Problem details: Within the records that follow, restate exactly the lines from the line with "Vintage Sonoma Jean" down to the line with "An illustration of", including both. Omit the pictures.

Source data:
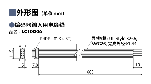 | 說明 | 編碼器輸入用電纜線,用于CVD系列 全閉環(huán)控制型驅(qū)動器。長度 0.6 m |
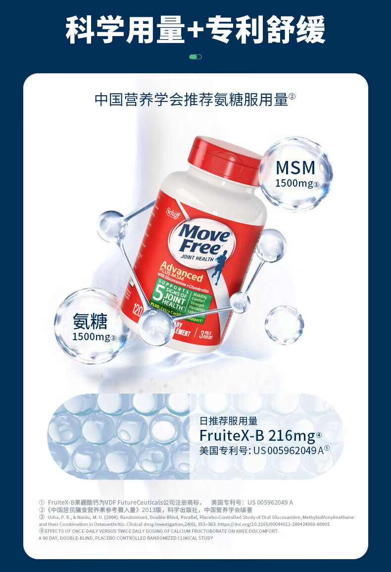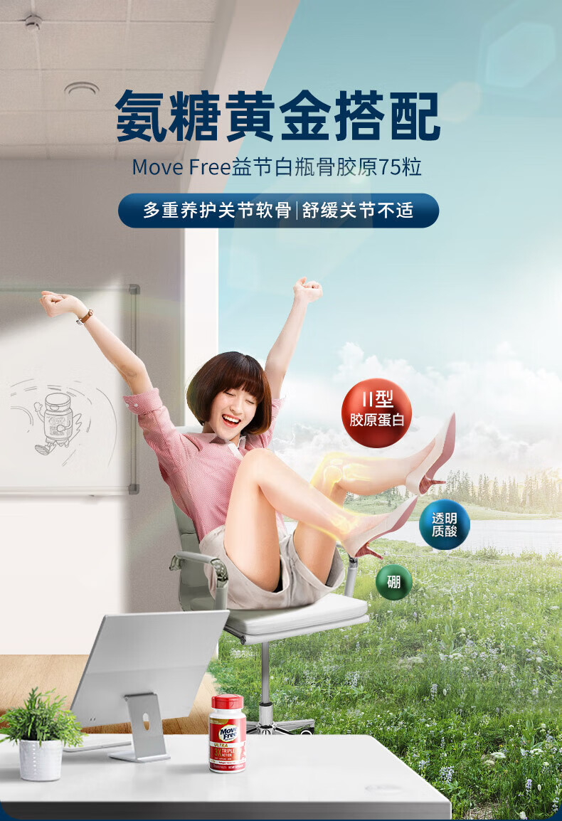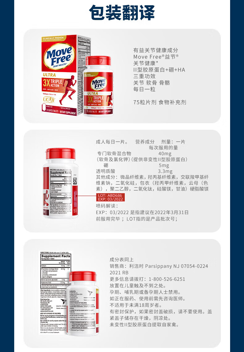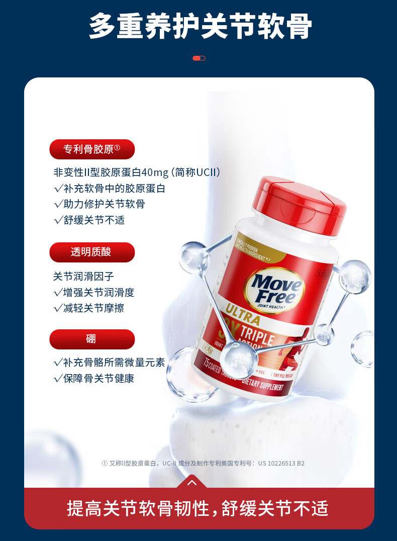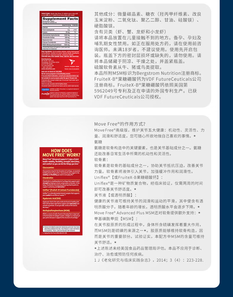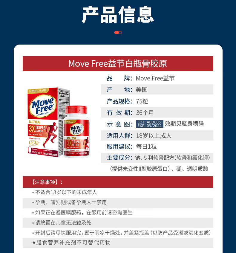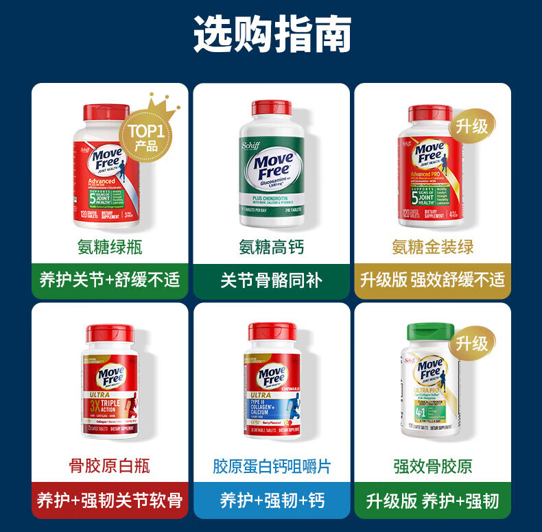 益节MoveFree氨糖软骨素 钙片维骨力美国进口中老年成人养护红瓶200粒
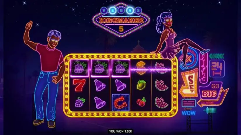 Vegas Kingmaker 5 by GameArt is a 5×3 reel slot with 5 paylines. Features include expanding wild symbols and scatter payouts.
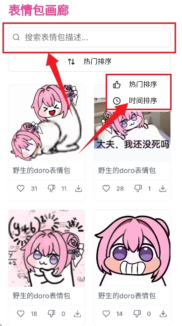 3、然后用户可以通过下方的表情包画廊的搜索功能来输入关键词首先精准搜索。还可以使用排序功能进行查找;
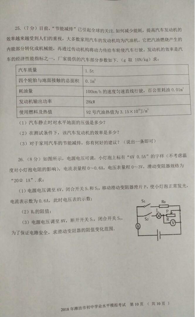 2018山东潍坊初中学业水平物理模拟考试(二)(图片版)(6)
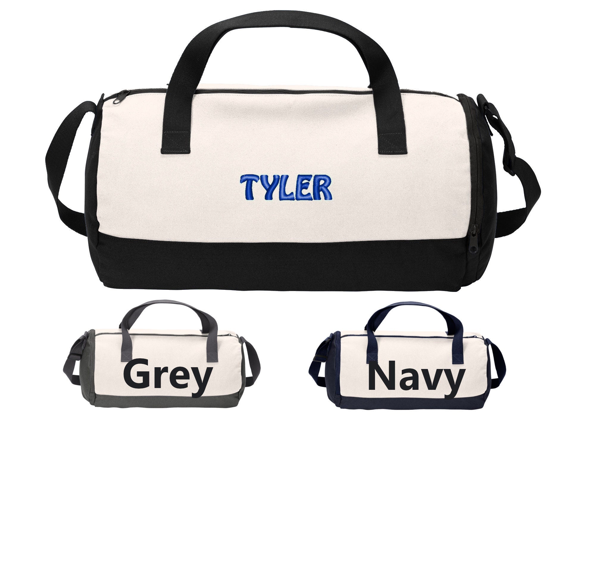 • Personalized Large Canvas Duffel Bag, Two Tone, Gym Bag, School PE Bag, Zippered Pockets, Padded Handle, Embroidered Name, Groomsman Gift
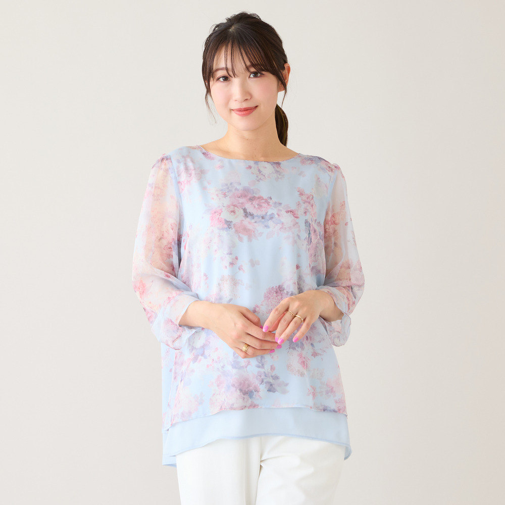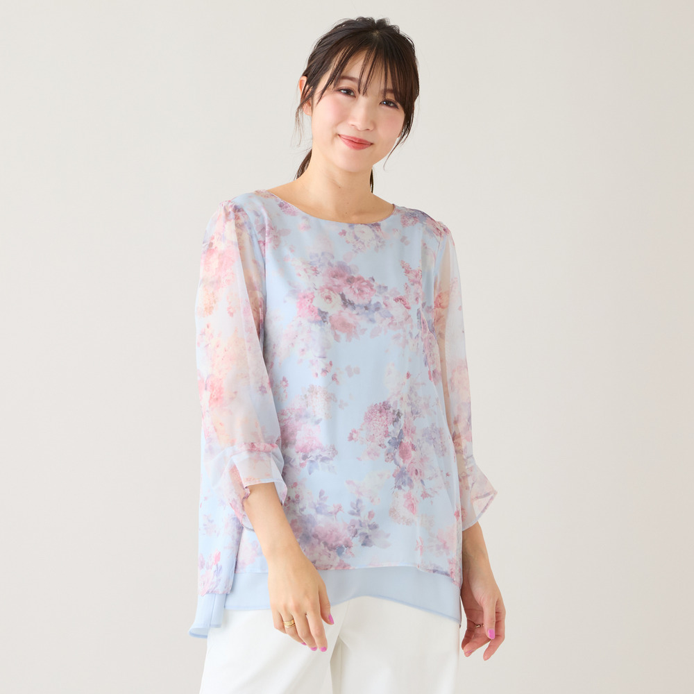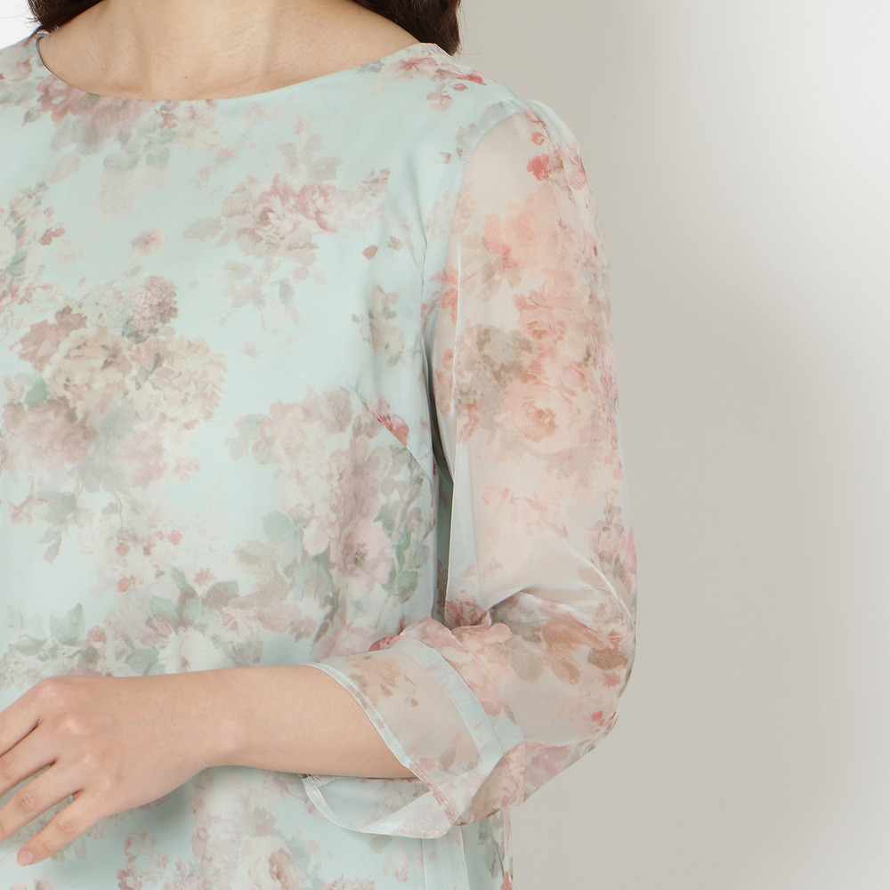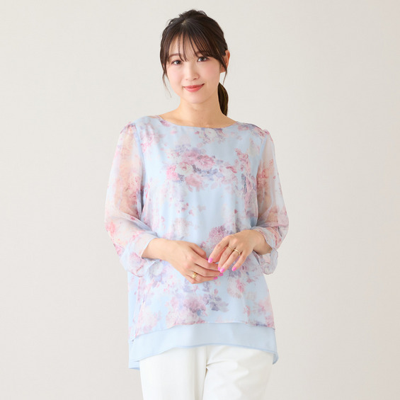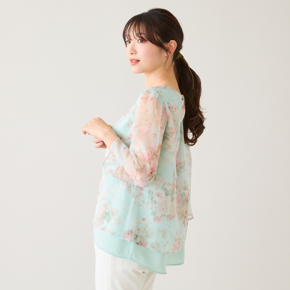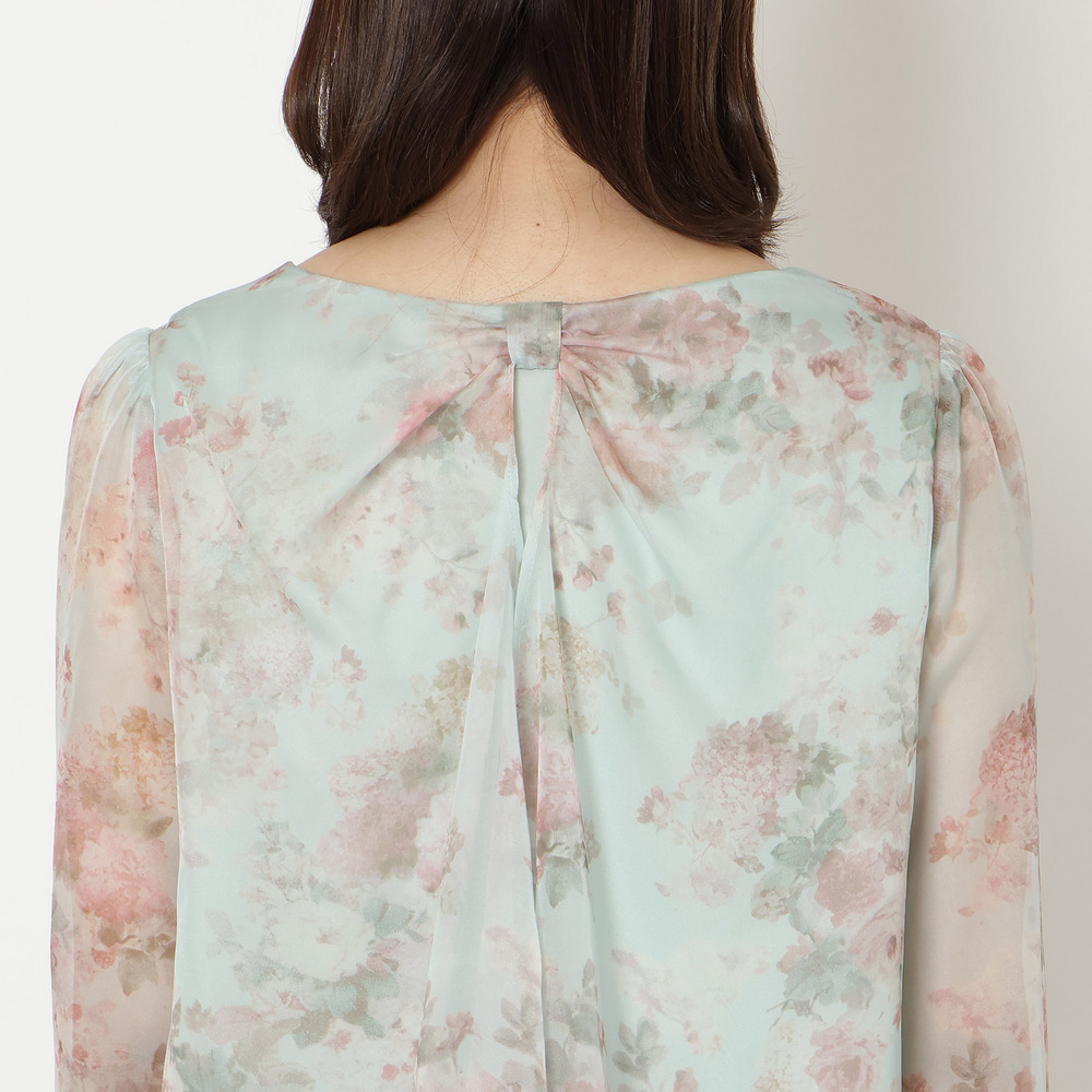 ・プリントにシフォンを重ねた軽やかな素材感が、動くたびにふんわりと優しい印象に
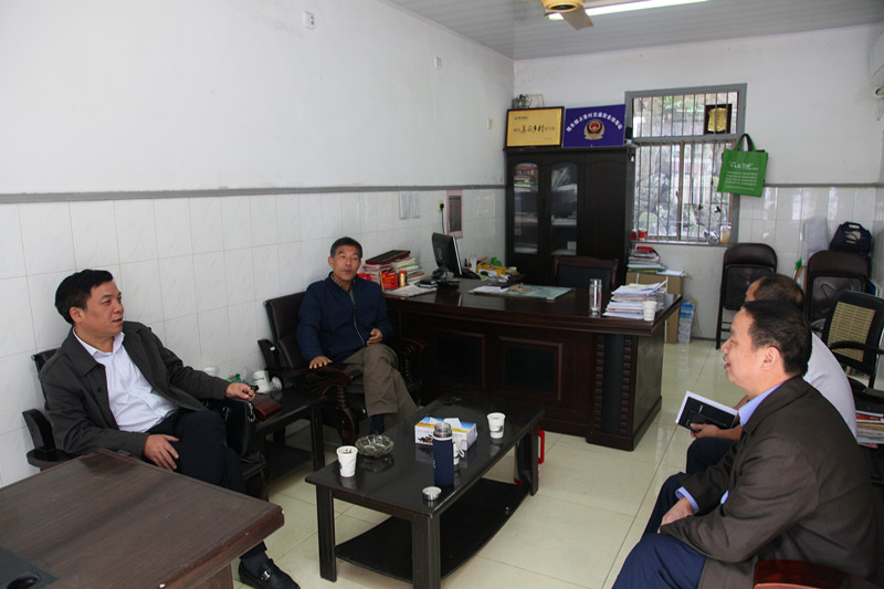 周董事長與占岙村委書記黃天明及該村掛聯干部研究“五星達標,3A爭創(chuàng)”工作
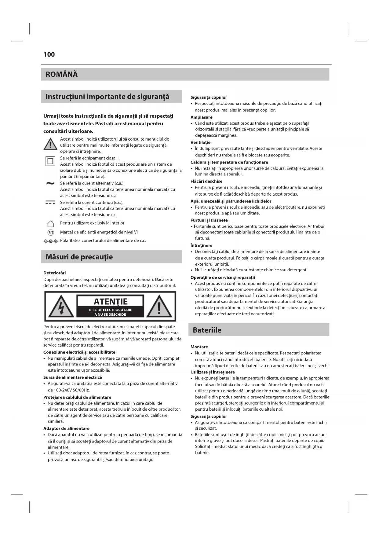 - Nu utilizați alte baterii decât cele speci cate. Respectați polaritatea corectă atunci când introduceți bateriile. Nu utilizați niciodată împreună tipuri diferite de baterii sau nu amestecați baterii noi și vechi. Utilizare și întreținere
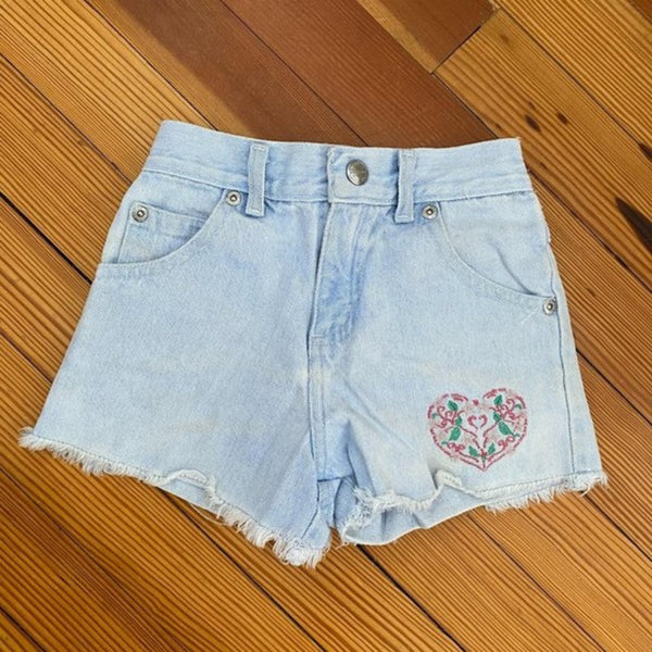 Vintage Sonoma Jean Company Light Wash Cut Off Jean. Shorts. Toddler girl size 4. High waist, light wash denim shorts. Elastic waist and floral heart patch on leg. Some light marks on back (untreated; see photo). See photos for measurements.
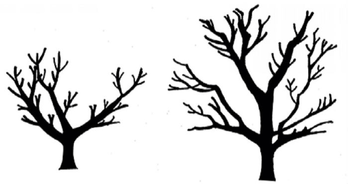 An illustration of the pruning structures. On the left is the open center training system and the right is modified central leader. Photo rights: http://gardeningsolutions.ifas.ufl.edu/care/pruning/pruning-deciduous-fruit-trees.html
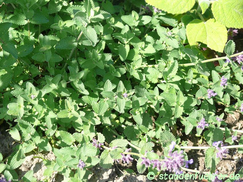 The Nepeta citriodora (Common catmint) is perennial, belongs to the Lamiaceae family and is a garden bed plant. The flowers are purple, blue and the leaves green. The herb, herbaceous perennial plant will be up to 60 cm (23 in) high. The soil conditions should be well-drained and the plant area sunny.
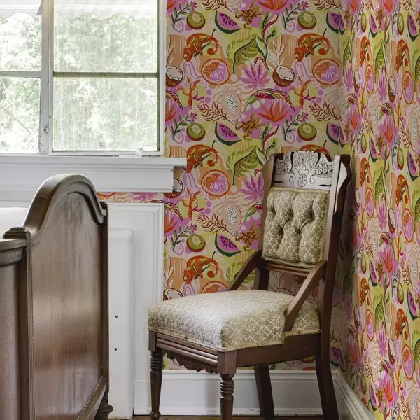 Тапет Екзотични плодове, листа и хамелеони в тропически стил Nr. a00469

Task answer:
 Vintage Sonoma Jean Company Light Wash Cut Off Jean. Shorts. Toddler girl size 4. High waist, light wash denim shorts. Elastic waist and floral heart patch on leg. Some light marks on back (untreated; see photo). See photos for measurements.
 An illustration of the pruning structures. On the left is the open center training system and the right is modified central leader. Photo rights: http://gardeningsolutions.ifas.ufl.edu/care/pruning/pruning-deciduous-fruit-trees.html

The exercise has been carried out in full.